Un déficit caché dû à une compensation insuffisante

Un rapport parlementaire paru début juillet 2026 observe que les missions de service public de La Poste sont systématiquement sous-compensées par l’État, générant un déficit dépassant le milliard d’euros. L’entreprise a l’obligation de maintenir 17 000 points de contact et de fournir des services bancaires dans des zones isolées avec un coût élevé. Marie-Ange Debon, PDG de La Poste, justifie ces hausses en arguant de la nécessité d’assurer la pérennité de ce service universel postal avec des normes de qualité appropriées. Faute d’augmentation de la part de l’État, l’entreprise doit trouver elle-même des solutions pour éviter une rupture de son équilibre financier.

Ces chiffres mettent en lumière une stratégie tarifaire différenciée, avec une forte augmentation pour les envois de courrier simple en déclin et une modération concernant les services à valeur ajoutée, tandis qu’un geste commercial est fait vers l’outre-mer. La hausse moyennée de 6,73% est en-dessous de l’augmentation de 2026 (7,4%), signalant un ralentissement de la tendance tarifaire.

Impact sur votre budget : faut-il s’inquiéter ?
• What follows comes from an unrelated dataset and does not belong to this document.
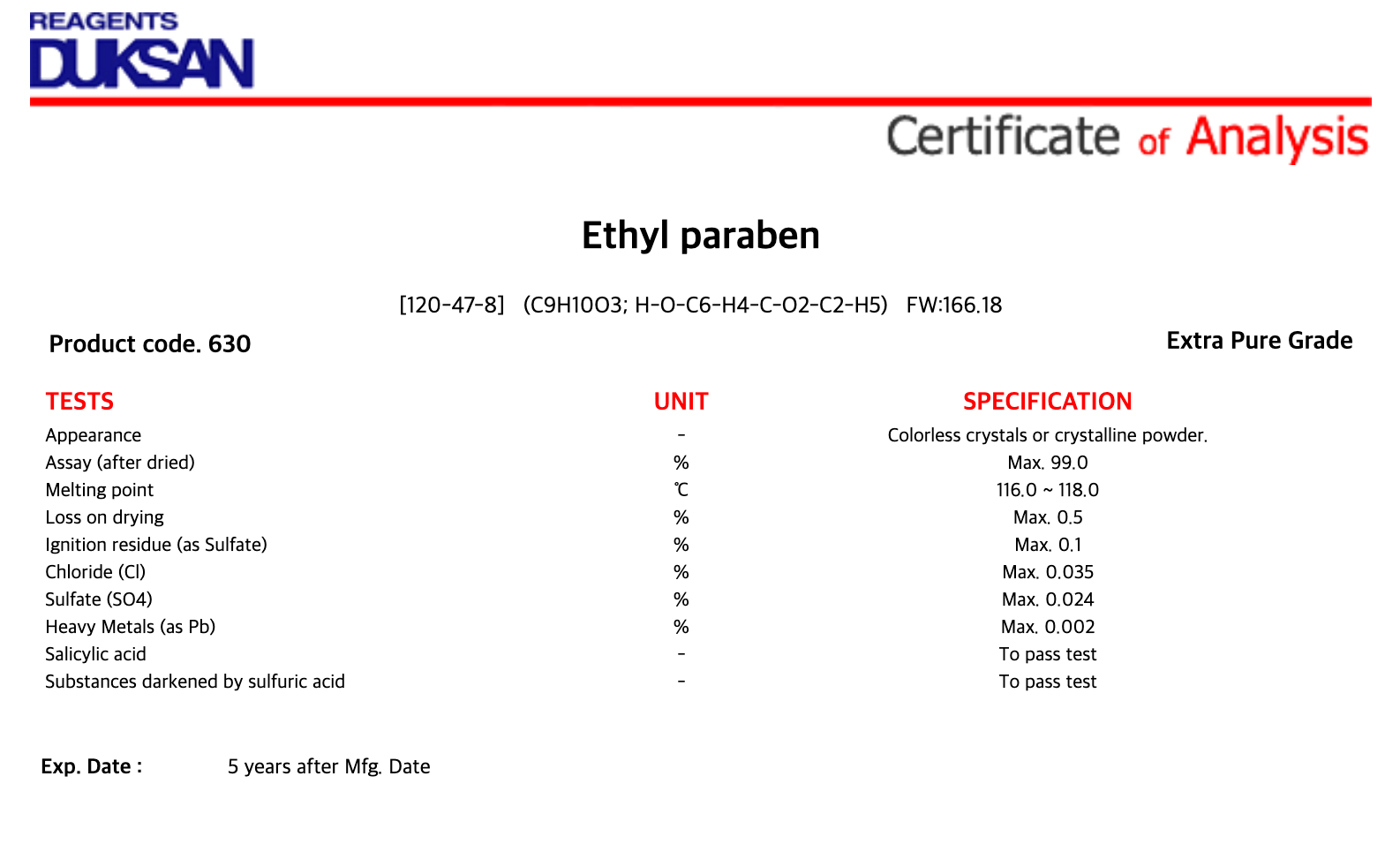 [630] Ethyl paraben, Extra Pure, 500 g, CAS# 120-47-8 + 24,200원

Le budget annuel moyen des ménages français pour les services postaux est de 27 euros. Fait surprenant, La Poste anticipe une baisse de 8,7% de ce budget en 2027, malgré les augmentations. Cela s’explique par la tendance des Français à envoyer encore moins de courrier, atténuant l’effet des hausses de prix. Pour un particulier expédiant dix lettres vertes par an, l’augmentation se chiffrera à 1,50 euro, soit l’équivalent d’un café. Pour les ménages, cet impact demeure marginal. En revanche, les entreprises et associations, particulièrement celles qui expédient des volumes conséquents (relances, factures, newsletters), feront face à des coûts additionnels significatifs. Dans un cadre économique difficile, chaque euro compte. Certaines PME envisagent déjà de passer complètement au numérique pour leurs communications avec la clientèle.